— Знаю. И мне остается молиться, чтобы после лекарство нашлось. Давай пока просто постараемся выжить. В с е вместе.
— Согласен.
Дымом — в вены. Дымом — в черное небо. Капельки звезд застыли там, в вышине, точно ртутные слезы. Мальчишка в пустой и пыльной квартире громко дышит, не открывая глаза.
Утром им — в бой. Утром будет новый день и новые силы. Утром… если это утро наступит для них.
========== 7. Тони/Питер ==========
Он находит его на исходе четвертого года. В Лондоне дождь и туман. Питер стоит на мосту и смотрит, как катит свои тяжелые свинцовые воды неторопливая Темза.
На нем разношенные кеды и капюшон на влажных кудрях. У него капли дождя на носу и стиснутые в кулаки руки — в глубоких карманах. И холодные губы — тонкой полоской, как нитка. Под глазами круги — будто неделю нормально не спал. Будто не получается найти свое место.
“Мне больно… мистер Старк… я не хочу умирать…”
Это было? Это могло быть просто сном? Или одной из граней реальностей, которыми Танос играет сейчас, как кости бросает. Это могло быть? Мальчишка, что рассыпался в прах у него на руках. Мальчишка, что цеплялся немеющими пальцами и шептал, шептал. Он шептал, даже когда губ уже не осталось.
“Мистер Старк… так больно… мне страшно”
Это было? Это был просто бред?
Но почему тогда все эти годы Тони Старк рыщет по странам и городам, как безумный? Он вглядывается в лица, пытаясь сверить черты. Пытаясь разглядеть, узнать того, кого быть в живых просто не может…
Сейчас он стоит на мосту.
Сейчас он стоит и смотрит на волны.
Стоит. Прямо здесь. Питер Паркер. Ответом и целой сотней новых вопросов.

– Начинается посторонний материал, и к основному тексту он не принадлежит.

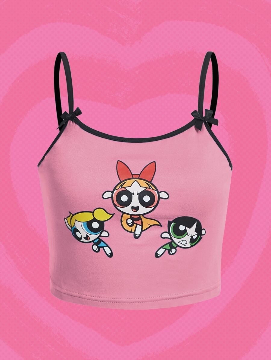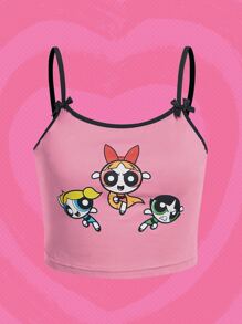 The Powerpuff Girls | ROMWE Cartoon Graphic Contrast Binding Bow Decor Cami Top
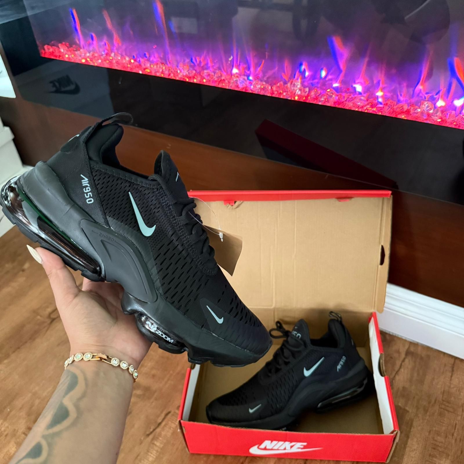 π¨ Available Now! π¨ π₯ Nike Air Max 270 β Black with Light Blue accents π Menβs Sizes: 9, 9.5 & 10 β Brand New in Box π¨ Ultra comfort with the big
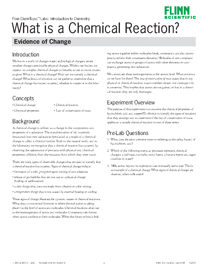 360Science™: Introduction to Chemical Reactions | Flinn ...
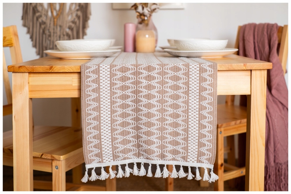 Гачком протектор для столу Boho Rustic Beige з бежевими бахрома 37х180
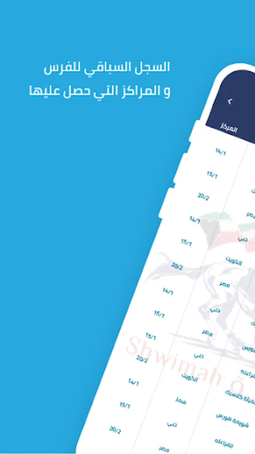 Shwimah Racing is an application for records and displays the Arabian horse races results in the state of Kuwait
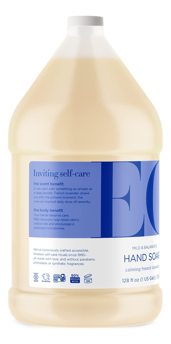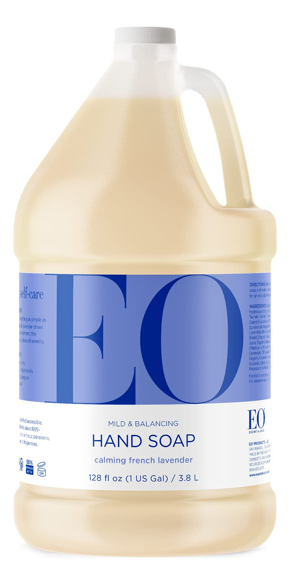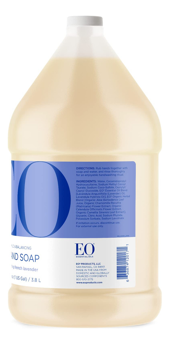 Refil de sabonete líquido para mãos EO, 1 galão, lavanda francesa, limpador suave orgânico à base de plantas com óleos essenciais puros — contém (1) frasco de 1 galão (128 onças) de sabonete líquido para mãos EO French Lavender — Óleo essencial relaxante, calmante e puro de lavanda. Só de pensar nesse aroma calmante, você pode fazer uma pausa, respirar fundo e expirar. Este sabonete para as mãos contém extratos botânicos ricos em nutrientes e produtos de limpeza suaves. Respire o aroma suave do óleo essencial puro de lavanda toda vez que lavar as mãos. Olá, aromaterapia – Os sabonetes líquidos para mãos EO são feitos com ingredientes orgânicos e são livres de triclosan, sem fragrância sintética, sem crueldade, sem parabenos, sem sulfato e são certificados como isentos de glúten – o EO ajuda você a criar momentos meditativos de autocuidado por meio da aromaterapia com ingredientes seguros, naturais, orgânicos e cultivados de forma sustentável
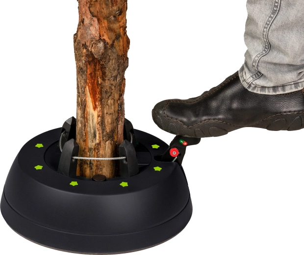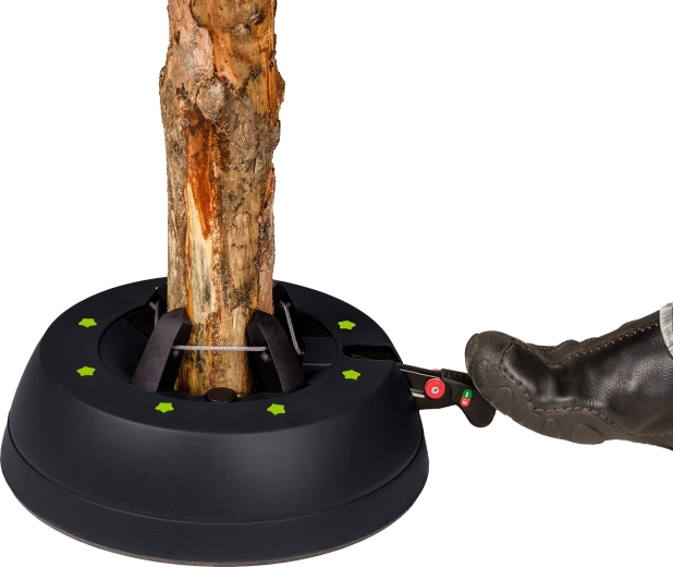 Plaats de stam op de centrale pin en bedien de hendel – de binnenklemmen trekken de boom direct aan met een stalen kabel. De hendelvergrendeling voorkomt ongewenst lossen.

Тони… Тони чувствует, как льдинки царапают горло, как мост плывет под ногами, как качается и скрипит.
Питер Паркер.
— Питер… — получается хрипло, как будто долго кричал под дождем вот на этом самом мосту. Как будто запрокидывал горло в небо. Как будто связки покрылись инеем, даже льдом. — Питер, как же это возможно?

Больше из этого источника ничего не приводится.